[Items listed in a dataset]
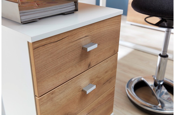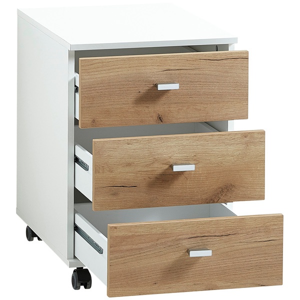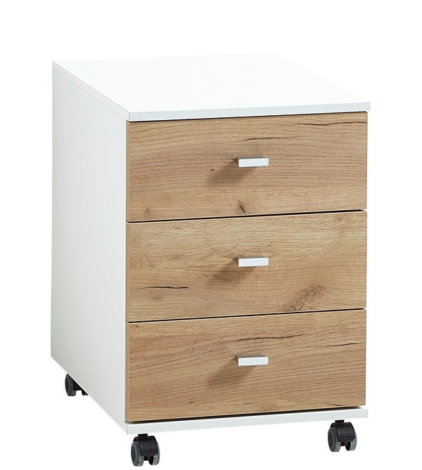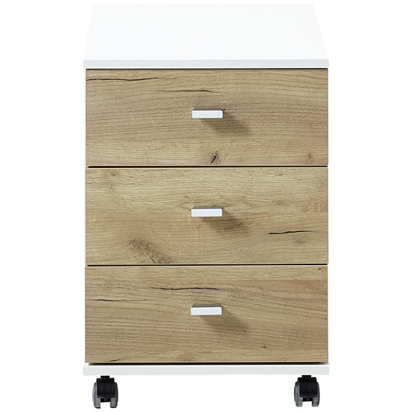Lioni lipasto pyörillä 4151 yhdistää modernin valkoisen ja lämpimän Navarra-tammen sävyt, tuoden tilaan eleganttia ilmettä ja harmonista skandinaavista tunnelmaa. Sen selkeälinjainen design sopii erinomaisesti työhuoneeseen, makuuhuoneeseen tai mihin tahansa tilaan, jossa kaivataan sekä tyyliä että toimivuutta.
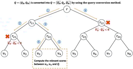 In this example, we suppose that only the top-1 file will be returned to the data user, and Figure 4 was constructed to show the index tree search process. When using the query transformation approach, a query is converted into a tuple . According to the index tree shown in Figure 3, the search algorithm starts from the root node r and reaches the internal node first. Since the inner product between the of and of Q was larger than 0, the search algorithm accessed its child nodes. Because the inner product between the of and of Q was smaller than 0, then the two child nodes and of will not be reached. Since the node matches the query Q, Algorithm 3 computes the relevant scores between and Q, as well as adds to directly since the number of documents in the had not reached the upper limit. When reaching , Algorithm 3 computes the relevant score between and Q, as well as compares this score to the k-score. If the relevant score between and Q is larger than the k-score, Algorithm 3 deletes from and adds to instead; otherwise, nothing happens. When the left subtree is checked, Algorithm 3 will detect node . Since the query Q was not related to the node , the subtree with as the root node would not be accessed. After this, Algorithm 3 output . Numbers 1–6 in Figure 4 illustrate the tree traversal process. It can be seen that subtrees with or as the tree root will not be visited. This pruning improves the query efficiency of the scheme.
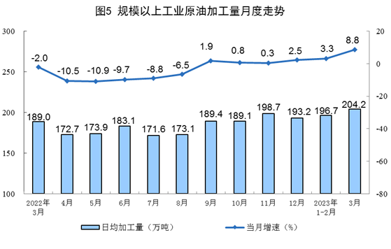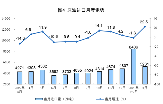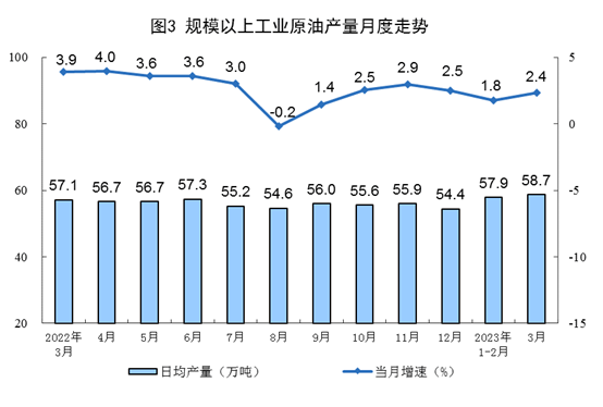 原油生產略有加快,進口由降轉增。3月份,生產原油1818萬噸,同比增長2.4%,增速比1—2月份加快0.6個百分點,日均產量58.7萬噸。進口原油5231萬噸,同比增長22.5%,1—2月份為下降1.3%。
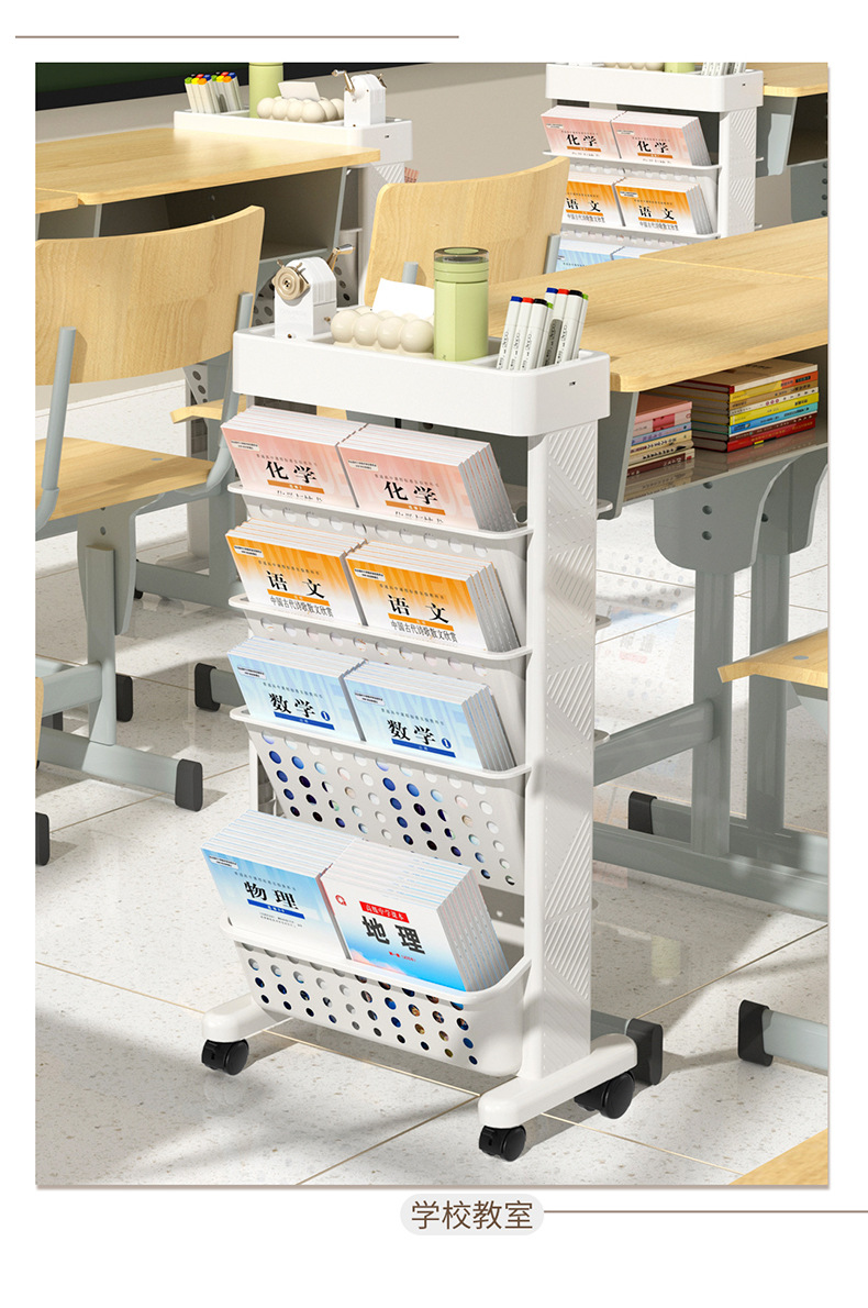 국경 간 이동 가능한 다층 저장 랙 교실 책상 책 배열 랙 좁은 슬릿 랙 매거진 저장 책장
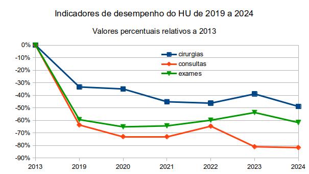 Tomamos o ano de 2013 (0% no gráfico) como referência para comparação, pois desde pelo menos 2009, no geral, é o que apresentou números maiores de atendimentos dos indicadores de desempenho considerados, sendo que em publicação anterior (já citada) é possível verificar tais indicadores em anos anteriores. No período 2019-2024 em comparação com 2013 o número de cirurgias realizadas a cada ano foi diminuindo, com ligeiro aumento em 2023, mas posteriormente retornando em queda, e neste mesmo período as consultas médicas foram decrescendo, subindo um pouco em 2022, mas voltando a cair a partir de então e os exames complementares sofreram queda, embora tenham apresentado um crescimento de 2020 a 2023, mas descrescendo a partir de então.
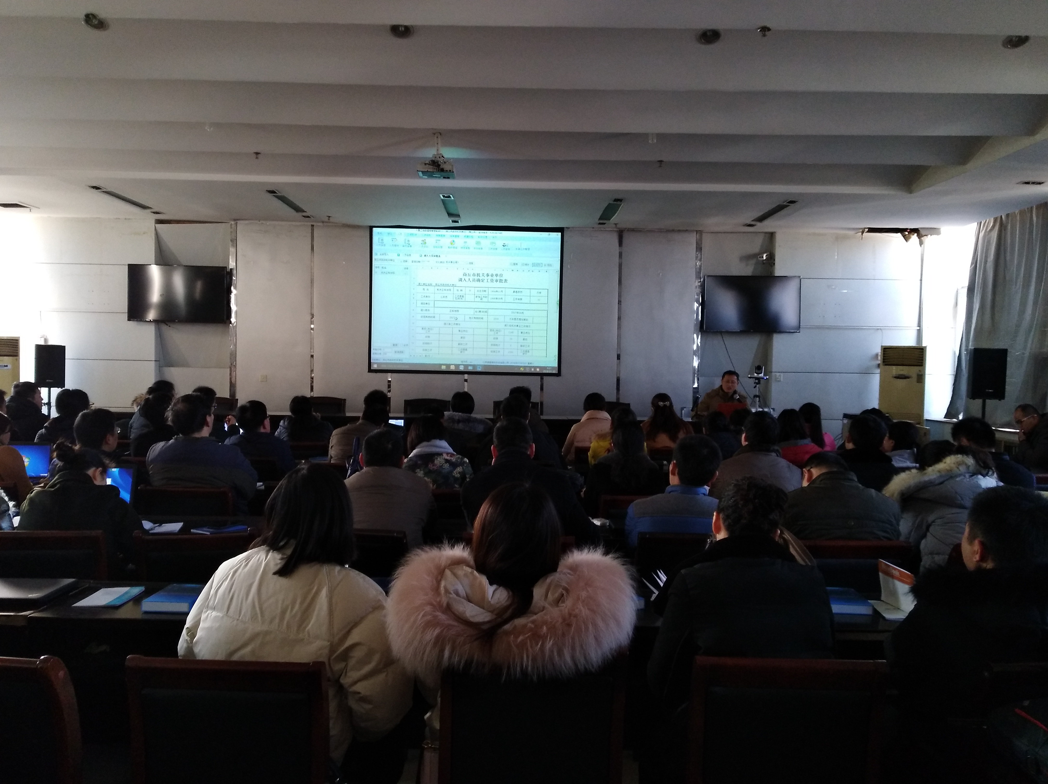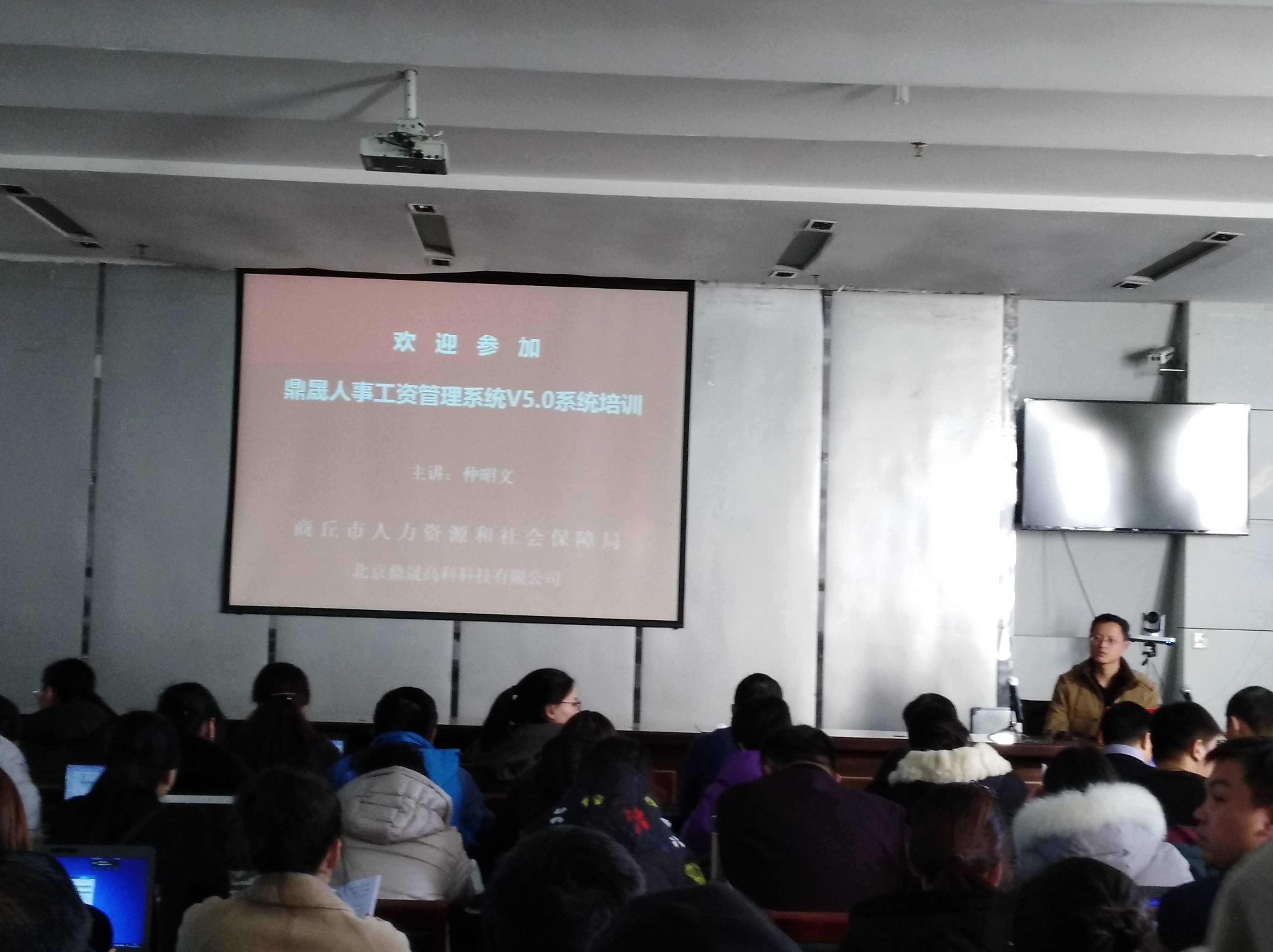 2017年12月21日,商丘市人社局联合鼎晟公司,在商丘市人社局大会议室,举办了2017年度商丘市直鼎晟人事工资V5.0系统软件培训会,全市各机关事业单位工资管理人员均数参加会议,上下午两个课时,各课程历时近两个半小时。

* _About this task_
Reproduce the entries exactly. Do not carry over any picture.

* _Your solution_
Lioni lipasto pyörillä 4151 yhdistää modernin valkoisen ja lämpimän Navarra-tammen sävyt, tuoden tilaan eleganttia ilmettä ja harmonista skandinaavista tunnelmaa. Sen selkeälinjainen design sopii erinomaisesti työhuoneeseen, makuuhuoneeseen tai mihin tahansa tilaan, jossa kaivataan sekä tyyliä että toimivuutta.
 In this example, we suppose that only the top-1 file will be returned to the data user, and Figure 4 was constructed to show the index tree search process. When using the query transformation approach, a query is converted into a tuple . According to the index tree shown in Figure 3, the search algorithm starts from the root node r and reaches the internal node first. Since the inner product between the of and of Q was larger than 0, the search algorithm accessed its child nodes. Because the inner product between the of and of Q was smaller than 0, then the two child nodes and of will not be reached. Since the node matches the query Q, Algorithm 3 computes the relevant scores between and Q, as well as adds to directly since the number of documents in the had not reached the upper limit. When reaching , Algorithm 3 computes the relevant score between and Q, as well as compares this score to the k-score. If the relevant score between and Q is larger than the k-score, Algorithm 3 deletes from and adds to instead; otherwise, nothing happens. When the left subtree is checked, Algorithm 3 will detect node . Since the query Q was not related to the node , the subtree with as the root node would not be accessed. After this, Algorithm 3 output . Numbers 1–6 in Figure 4 illustrate the tree traversal process. It can be seen that subtrees with or as the tree root will not be visited. This pruning improves the query efficiency of the scheme.
 原油生產略有加快,進口由降轉增。3月份,生產原油1818萬噸,同比增長2.4%,增速比1—2月份加快0.6個百分點,日均產量58.7萬噸。進口原油5231萬噸,同比增長22.5%,1—2月份為下降1.3%。
 국경 간 이동 가능한 다층 저장 랙 교실 책상 책 배열 랙 좁은 슬릿 랙 매거진 저장 책장
 Tomamos o ano de 2013 (0% no gráfico) como referência para comparação, pois desde pelo menos 2009, no geral, é o que apresentou números maiores de atendimentos dos indicadores de desempenho considerados, sendo que em publicação anterior (já citada) é possível verificar tais indicadores em anos anteriores. No período 2019-2024 em comparação com 2013 o número de cirurgias realizadas a cada ano foi diminuindo, com ligeiro aumento em 2023, mas posteriormente retornando em queda, e neste mesmo período as consultas médicas foram decrescendo, subindo um pouco em 2022, mas voltando a cair a partir de então e os exames complementares sofreram queda, embora tenham apresentado um crescimento de 2020 a 2023, mas descrescendo a partir de então.
 2017年12月21日,商丘市人社局联合鼎晟公司,在商丘市人社局大会议室,举办了2017年度商丘市直鼎晟人事工资V5.0系统软件培训会,全市各机关事业单位工资管理人员均数参加会议,上下午两个课时,各课程历时近两个半小时。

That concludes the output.